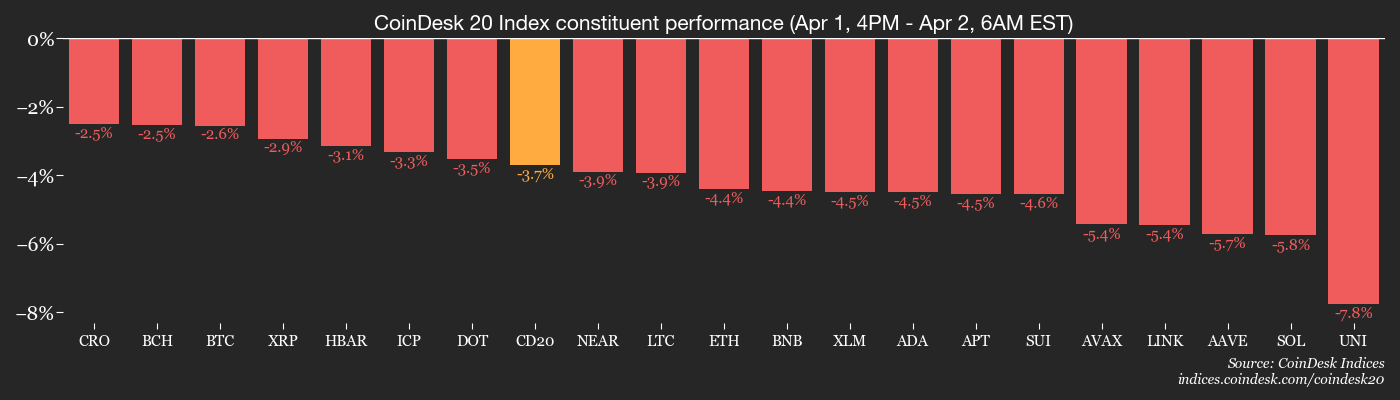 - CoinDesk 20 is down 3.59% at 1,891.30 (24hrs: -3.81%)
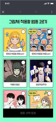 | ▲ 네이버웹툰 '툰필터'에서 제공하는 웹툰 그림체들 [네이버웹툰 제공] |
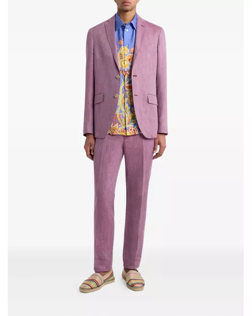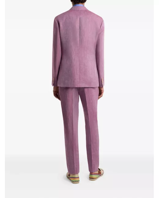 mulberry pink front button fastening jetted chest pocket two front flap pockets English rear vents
---
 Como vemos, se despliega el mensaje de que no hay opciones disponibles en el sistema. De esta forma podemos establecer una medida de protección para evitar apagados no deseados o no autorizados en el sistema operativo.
---
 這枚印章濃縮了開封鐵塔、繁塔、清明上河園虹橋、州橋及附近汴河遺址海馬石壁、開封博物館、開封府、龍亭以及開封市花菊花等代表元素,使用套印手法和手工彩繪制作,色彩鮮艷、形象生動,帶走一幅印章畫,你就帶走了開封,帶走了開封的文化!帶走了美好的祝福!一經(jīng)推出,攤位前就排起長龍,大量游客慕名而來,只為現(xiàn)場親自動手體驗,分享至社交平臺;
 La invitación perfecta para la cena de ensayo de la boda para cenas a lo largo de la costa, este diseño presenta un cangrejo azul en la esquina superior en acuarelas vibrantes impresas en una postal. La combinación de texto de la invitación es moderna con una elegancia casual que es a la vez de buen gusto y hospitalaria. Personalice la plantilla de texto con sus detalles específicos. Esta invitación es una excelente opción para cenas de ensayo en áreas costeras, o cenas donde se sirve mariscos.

WHAT TO WORK ON: From the material above, reproduce only what runs from the line holding "- CoinDesk 20" down to the line holding "mulberry pink front", both included, pictures excluded.

PROBLEM SOLUTION:
 - CoinDesk 20 is down 3.59% at 1,891.30 (24hrs: -3.81%)
 | ▲ 네이버웹툰 '툰필터'에서 제공하는 웹툰 그림체들 [네이버웹툰 제공] |
 mulberry pink front button fastening jetted chest pocket two front flap pockets English rear vents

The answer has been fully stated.